Faintheart is the world’s first user-generated feature film, premiering tomorrow night at Edinburgh’s International Film Festival. I can’t wait to see it, particularly after hearing about the experiences of the director Vito Rocco and also from James Fabricant, Head of Video and Entertainment, MySpace Europe who discussed the experience of making a movie with MySpacers on a panel at the film festival this morning. MySpace are actively engaging the independent film-making business, and worked with Vertigo Films for produce Faintheart, together with Screen West Midlands and Film4. The team used MySpace, its community, and its democratic voting tools to find a script and director, the movie soundtrack and the cast. The movie has made it from script to screen in year flat – it usually takes 3 years – and MySpacers will have access to exclusive screenings via the “BlackCurtain” screening API – a mash-up of Googlemaps and MySpace voting software, where interested audience members insert their postcodes. MySpace can immediately see where there would be a large enough audience to warrant a screening. These will happen after tomorrow’s premiere, but before its general theatrical release (September).
The film making process and distribution process was fairly traditional – actors got filmed acting on location, the movie got edited, it is launched in cinemas before its released on DVD and sells its other rights, but the content has been steered by the movie’s 20,000 or so MySpace friends.

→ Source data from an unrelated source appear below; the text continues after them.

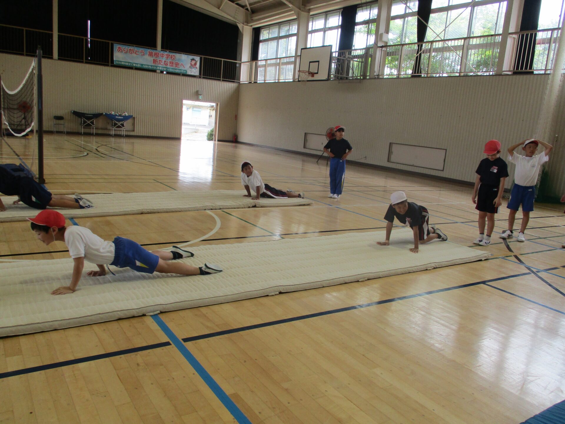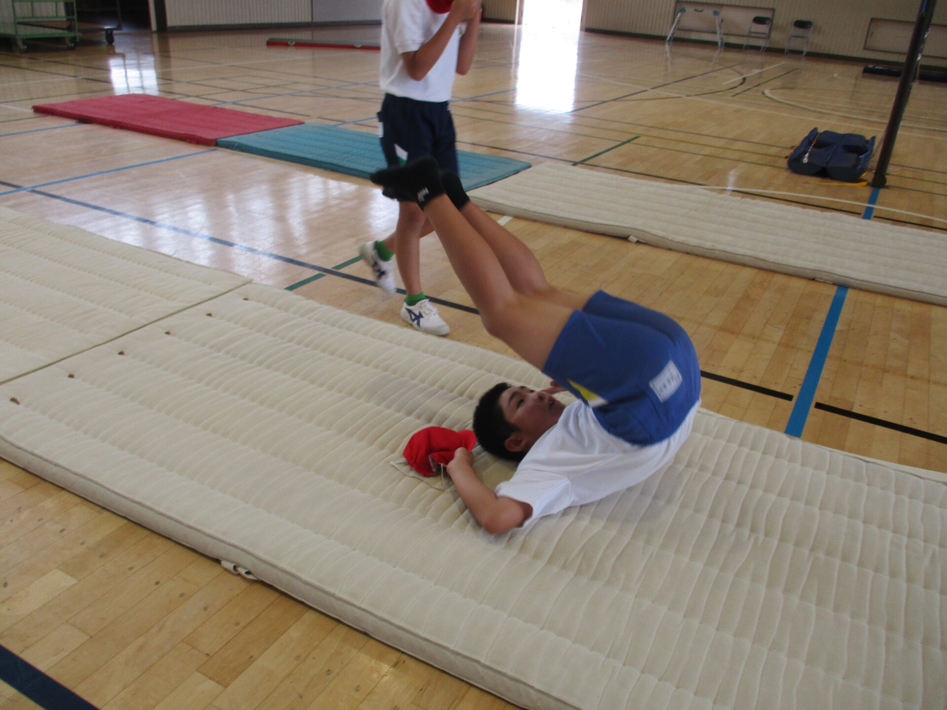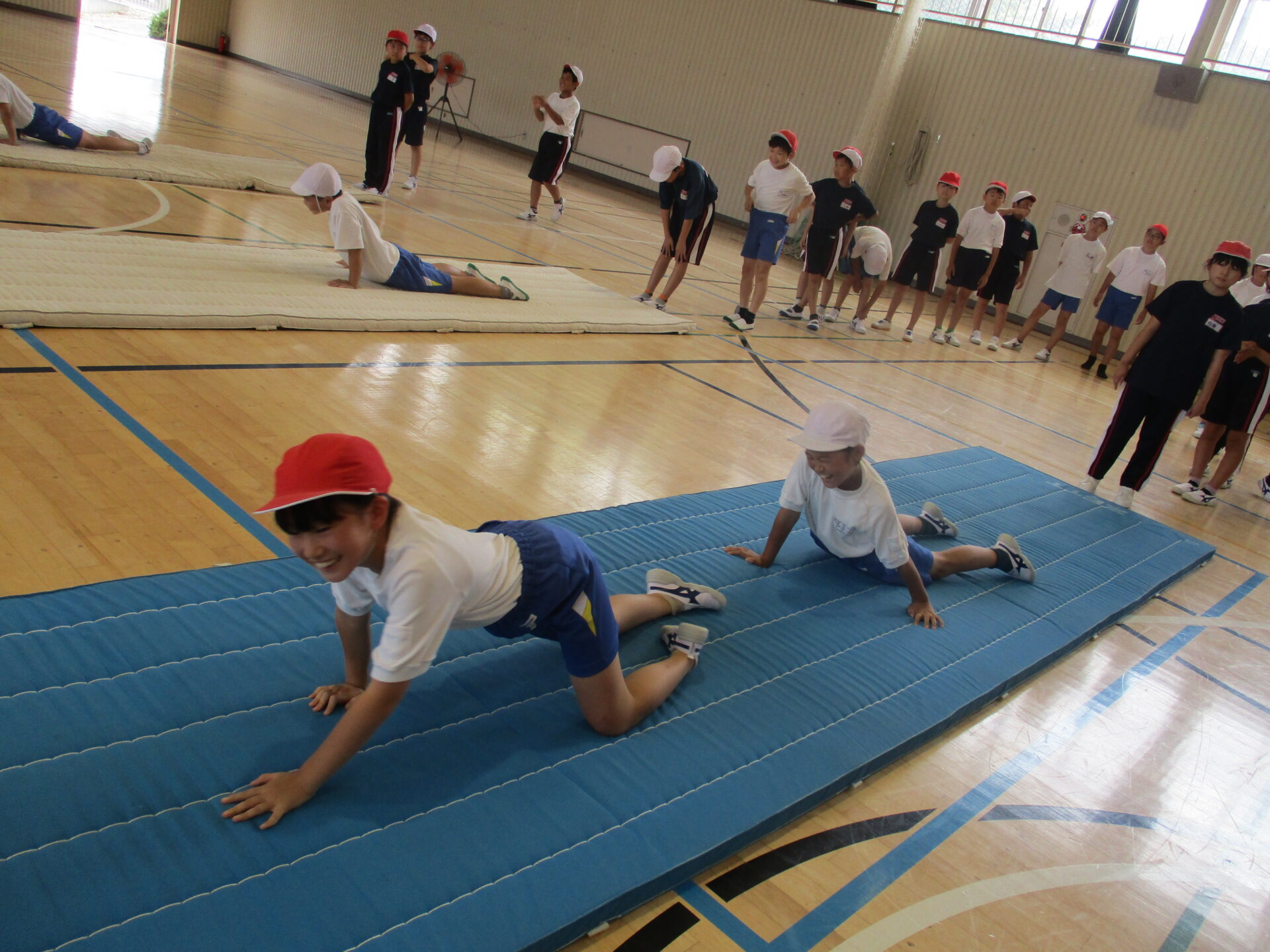 夏休みが明け、久しぶりの体育館での授業です。今回からは3年生と合同でマット運動を行っていきます。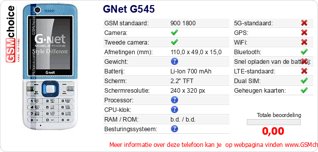 Gegevens van de telefoon GNet G545 op jouw webpagina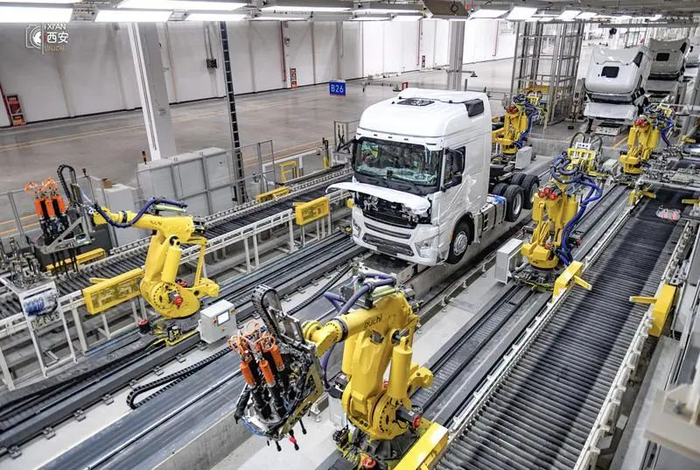 陕汽重卡扩能项目总装生产线,工业机器人正在进行汽车轮胎自动化装配作业。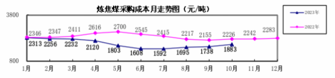 2023年10月“對標挖潛”企業煤焦類品種采購成本升幅較大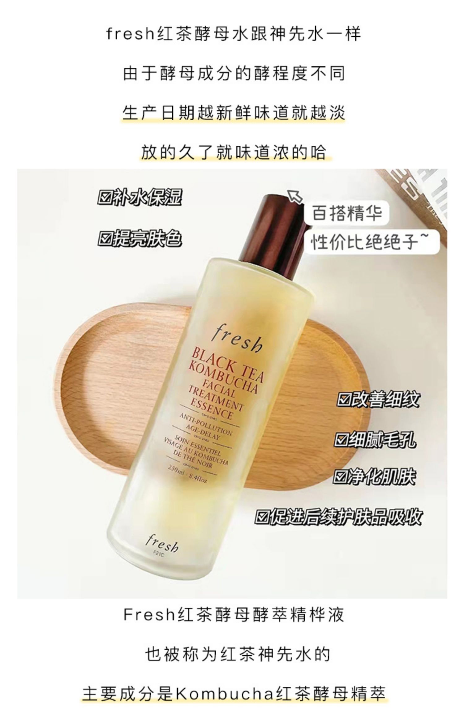 馥蕾诗Fresh红茶酵母精华水 150ml黑茶爽肤水 抗氧化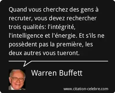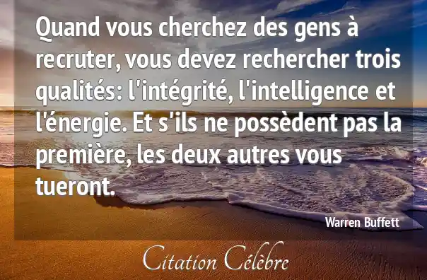 Quand vous cherchez des gens à recruter, vous devez rechercher trois qualités: l'intégrité, l'intelligence et l'énergie. Et s'ils ne possèdent pas la première, les deux autres vous tueront.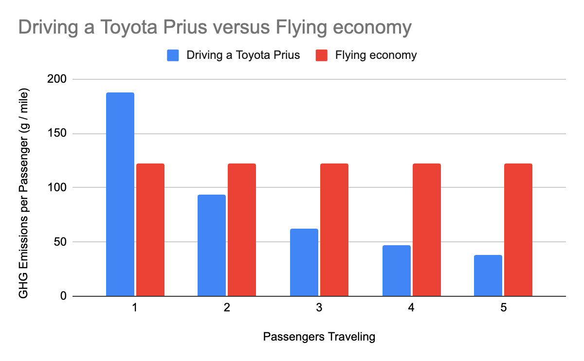 Flying instead of driving might save fuel and prevent pollution, depending mostly on passenger load factor—are there empty seats? One jet plane can carry 180 economy passengers, but one economy car can only seat up to five. Not surprisingly, to move 180 people two thousand miles (the distance between Boston and Salt Lake City, for example) it would be better to fly just one jet than drive 180 Toyota Priuses.

An expert panel and the vision of an auteur ultimately controlled the look, feel and quality of the film, but each part was cast to MySpacers who’d sent in video auditions for specific parts (via MySpace pages set up for those characters, which included the director’s notes on that part and the casting director’s tips on how to do a good audition…). It helped if you looked like a Viking, but of course MySpace is just the place to hook up niche interest groups of people who… like to dress up as Vikings! Any contributors get a credit – the actors got paid, and some of them even became Equity members and plan to continue acting! Whether this is a good thing or not remains to be seen – I’ll let you know after tomorrow’s premiere 🙂
MySpace users are differentiating themselves from other social networks – its becoming the space for self-expression and media companies know they can spot and sell indie talent there.
This is a really exciting project for Screen West Midlands to have funded – they took a risk on an idea that as a pitch, had no director, script or cast! However, they’re hoping to cash in for the West Midlands by the new genre of US holiday makers – set-jetters: keen film audiences who want to come and visit the locations their favourite films have been shot in. I reckon this film will be a cult success – expect a flux of set-jetting Americans at Ludlow Castle after September, folks.